By digital circuit operation multiply-add to input vector A and input matrix B execution pipeline formula to obtain the knot of A*B=D Fruit, wherein A is the column vector of a dimension 1*m, and the dimension of B is m*n, and D is that the vector matrix of 1 row n column exports result；

The multiply-add operation of the pipeline system refers to, input matrix B divide for multiple and different column blocks, by input vector A with input square The first row block of battle array B is multiplied and is added up and export result, is further continued for executing next column in input vector A and input matrix B Block multiplies and adds up and export result, repeatedly iteration, until last column block in input vector A and input matrix B Complete multiply and add up and result also export after to get arrive input vector A and input matrix B multiplied result D.

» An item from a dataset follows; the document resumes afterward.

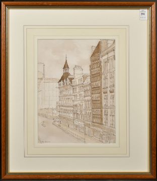 Hugh Cantlie (20th Century) British, A street view of The Poultry, watercolour, signed with monogram, 12" x 9".

Compared with the prior art, the present invention has the following advantages: pass through the hardware-accelerated of the multiply-add equal operations of high speed matrix-vector Quick neural network acceleration capacity is realized, so that counting in real time after data input and model load by above-mentioned operation framework It calculates as a result, further speeding up image or speech recognition process with the speed and efficiency of the promotion neural network computing of big degree.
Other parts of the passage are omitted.